What the task requires | Leaving out every picture, copy the lines of the material below exactly, from the line containing "На этой неделе" through the line containing "Han Mi Vegetable".

Supplied entries |

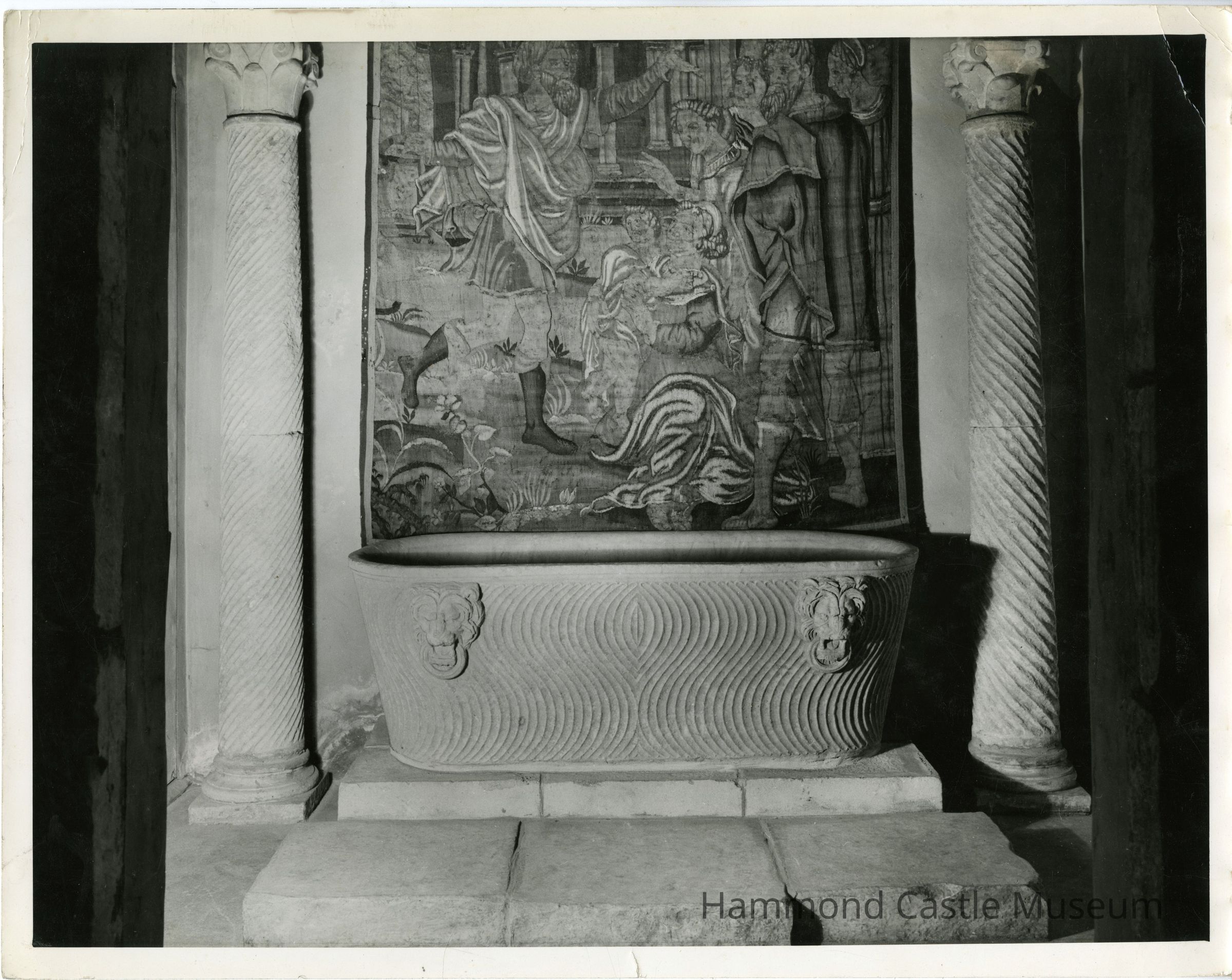 Photo of Lion-Sarcophagus Bathtub in 2nd Gallery with tapestry above
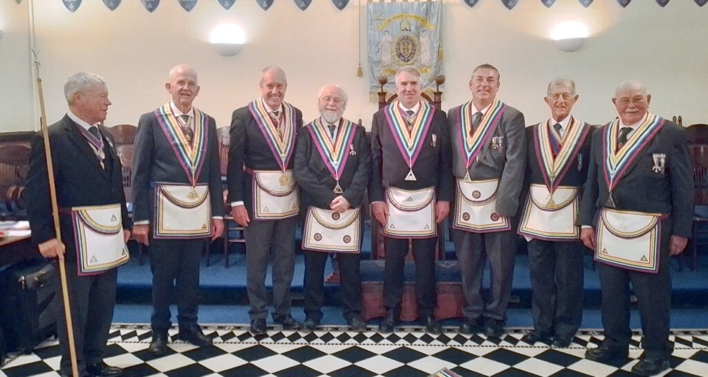 One of the last duties of the outgoing Worshipful Commander, WBro Ken Crang, was to present a cheque on behalf on the lodge for £1000, to the PGM for the benefit of the 2028 MBF Somerset Festival, which was very warmly accepted! This donation qualifies the lodge at MBF Grand Patron level, one of only two in the Province for RAM………thus far!
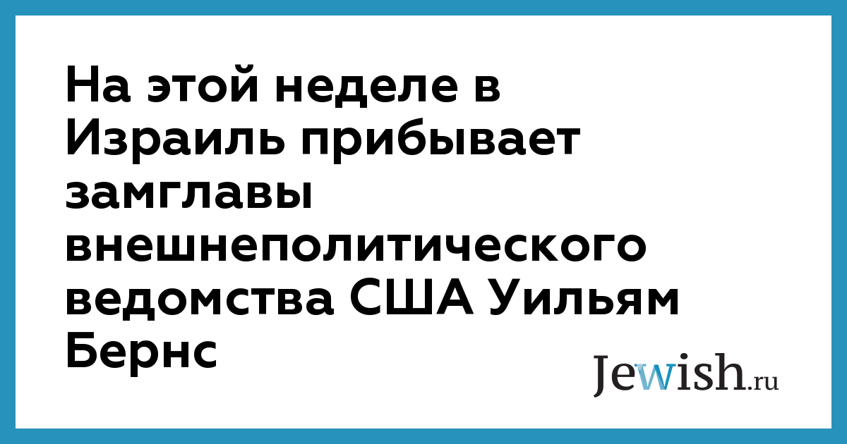 На этой неделе в Израиль прибывает замглавы внешнеполитического ведомства США Уильям Бернс
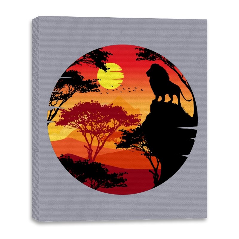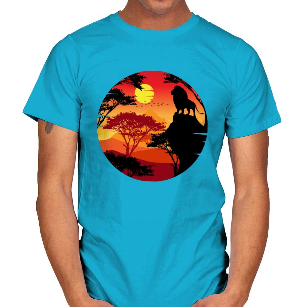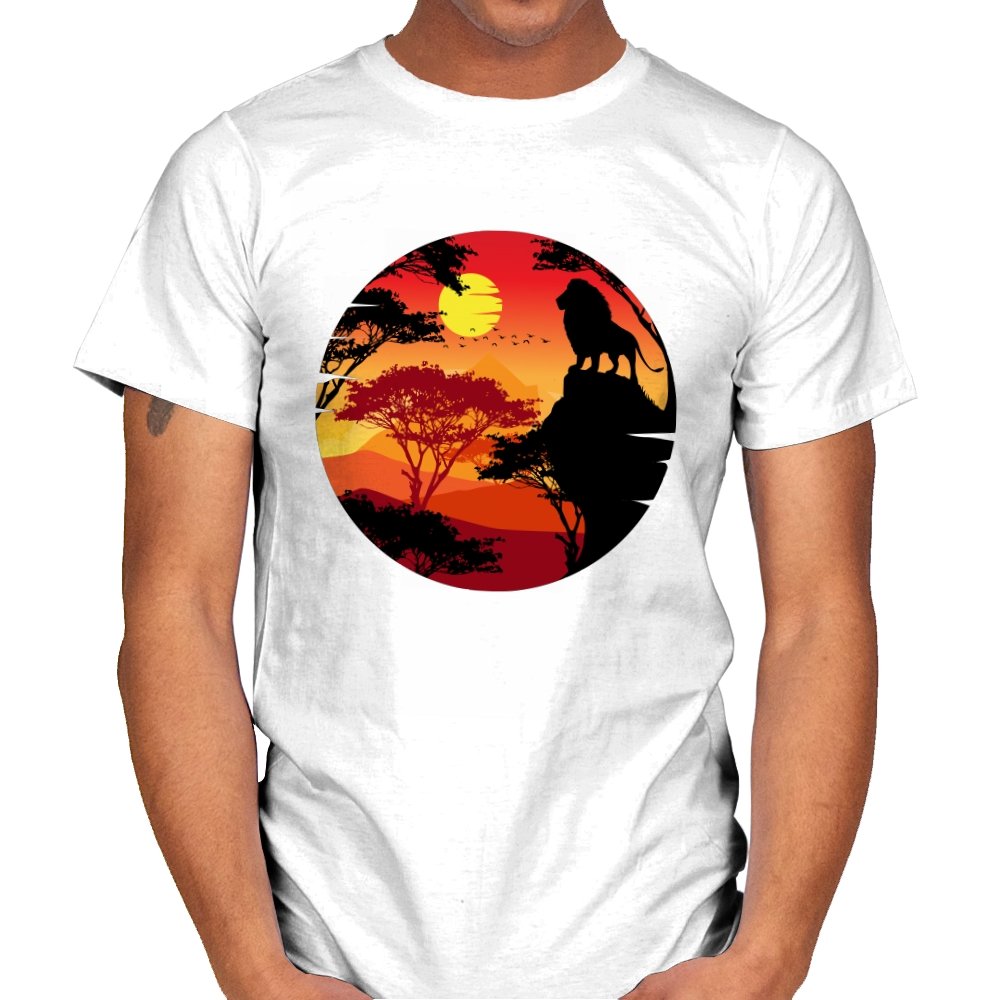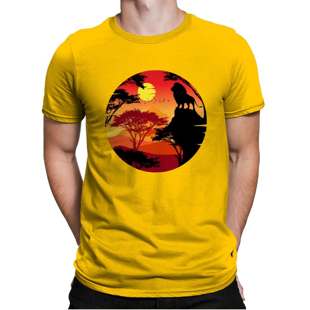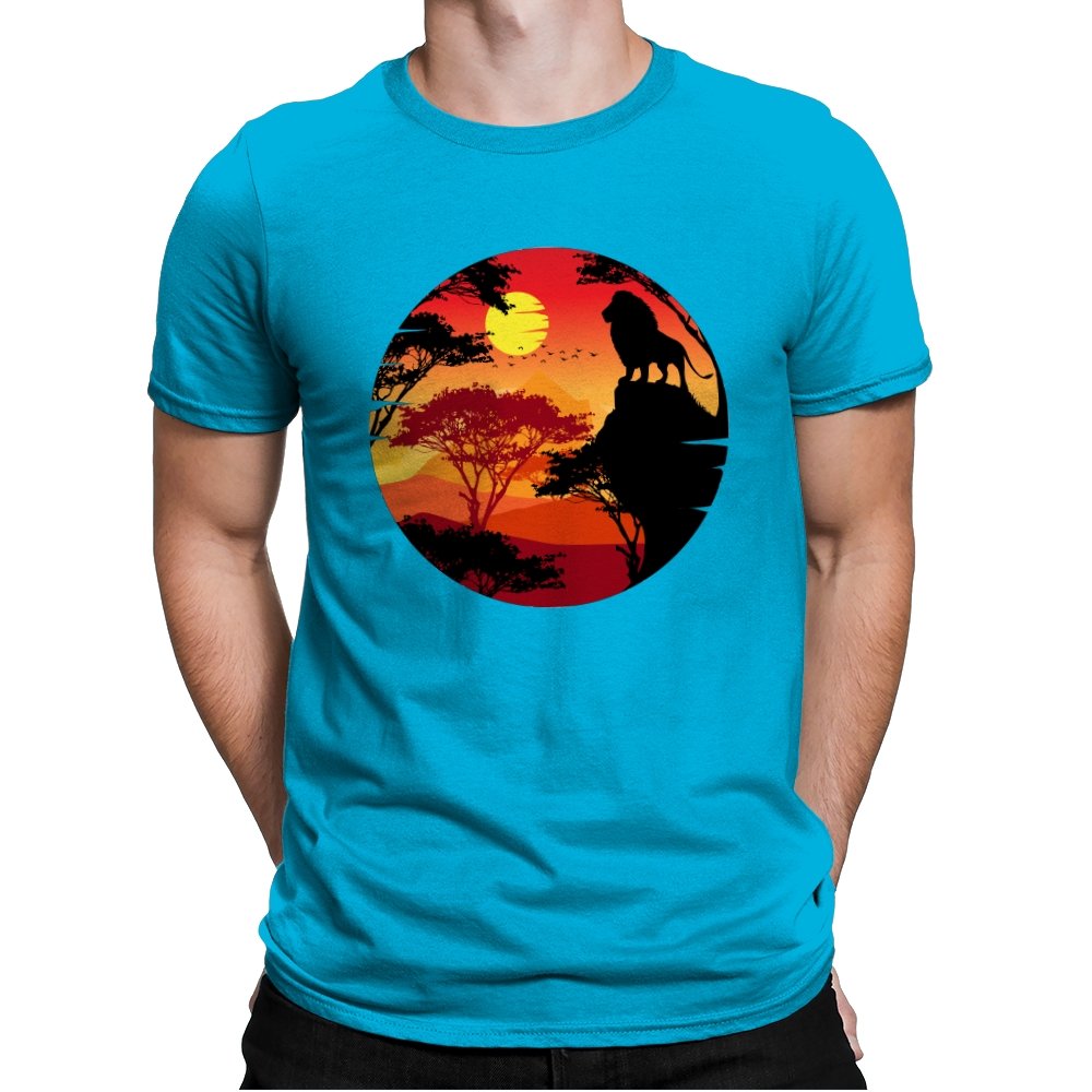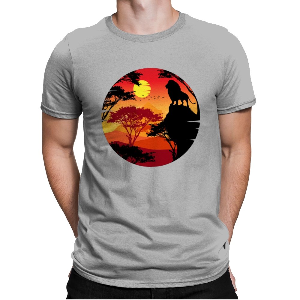 This design frames a quiet moment of power and balance. A lone lion stands in silhouette against a layered sunset, surrounded by acacia trees and distant hills that fade into warm reds and golds. The circular composition feels timeless, like a story paused at its most meaningful beat. Fans who recognize the reference will catch the symbolism without needing it spelled out.
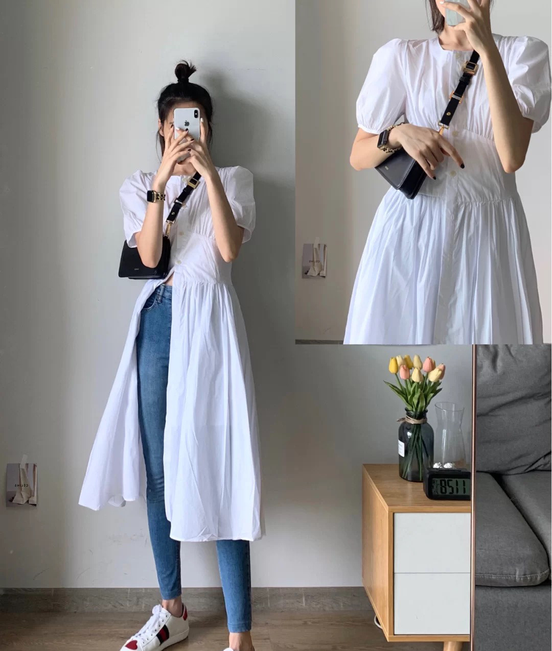 Han Mi Vegetable Bubble Sleeves White Tandem Dress European Station Women 2020 Autumn Winter New Tide Style High Waisted Temperament Skirt
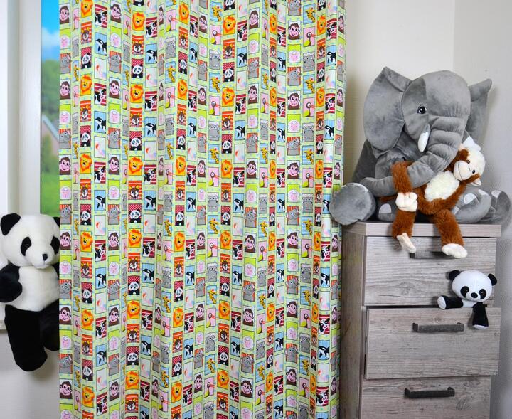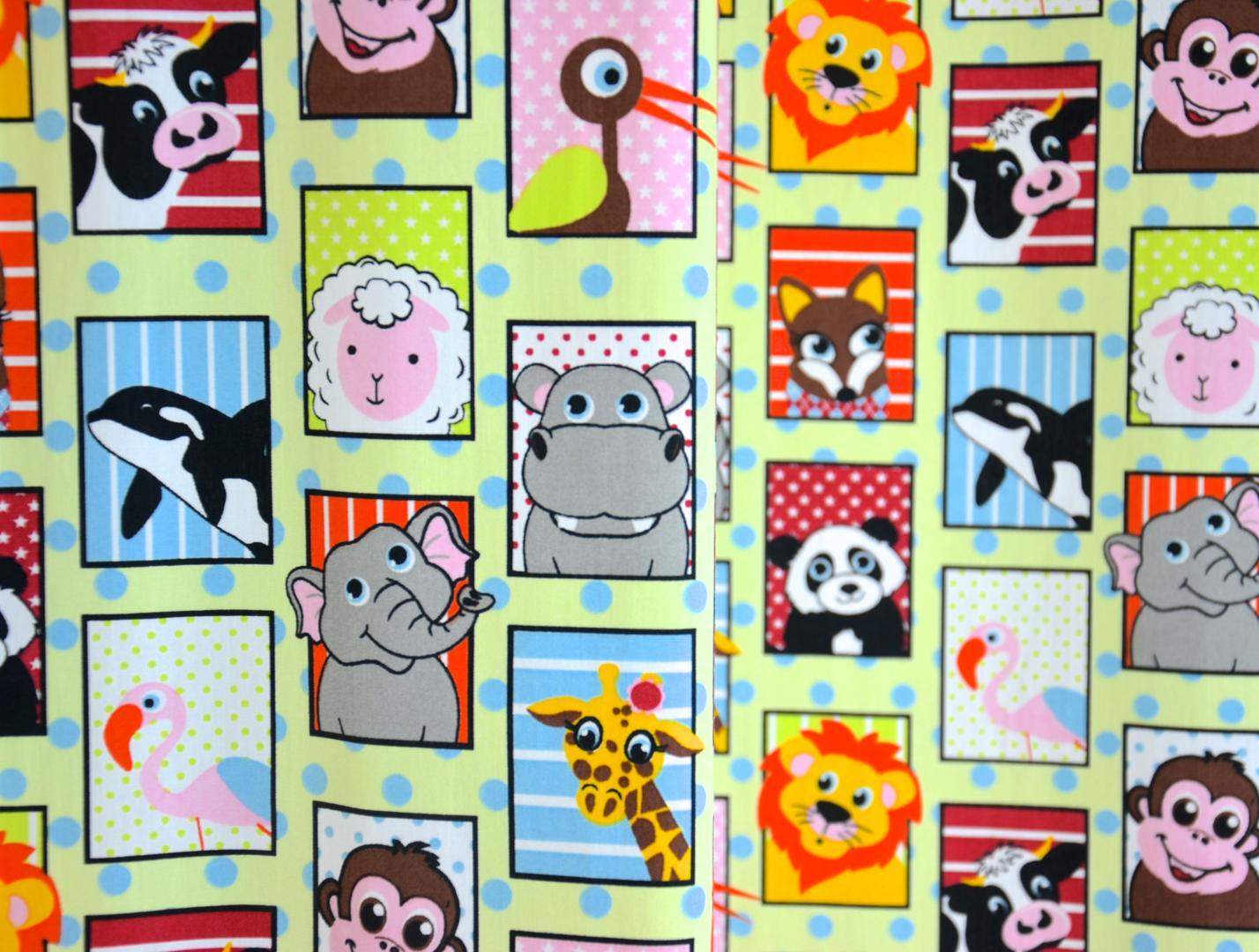 Echt een gordijn voor de dieren liefhebber! Hier zie je niet alleen SAFARI dieren, maar ook een diepzee orka en een onschuldig wit lammetje. Leverbaar in 2 verschillende kleurthema’s. Het ene gordijn heeft een crème wit met zachtblauw gestippelde ondergrond en de andere is lime groen met zachtblauw. Uitstekend geschikt voor de jongens- en meisjeskamer. De blokjes zijn 4 x 6 cm groot en gedrukt op gladde, matte stof. Wat is jouw lievelingsbeest? Desgewenst verduisterend voeren.

Task answer |
 На этой неделе в Израиль прибывает замглавы внешнеполитического ведомства США Уильям Бернс
 This design frames a quiet moment of power and balance. A lone lion stands in silhouette against a layered sunset, surrounded by acacia trees and distant hills that fade into warm reds and golds. The circular composition feels timeless, like a story paused at its most meaningful beat. Fans who recognize the reference will catch the symbolism without needing it spelled out.
 Han Mi Vegetable Bubble Sleeves White Tandem Dress European Station Women 2020 Autumn Winter New Tide Style High Waisted Temperament Skirt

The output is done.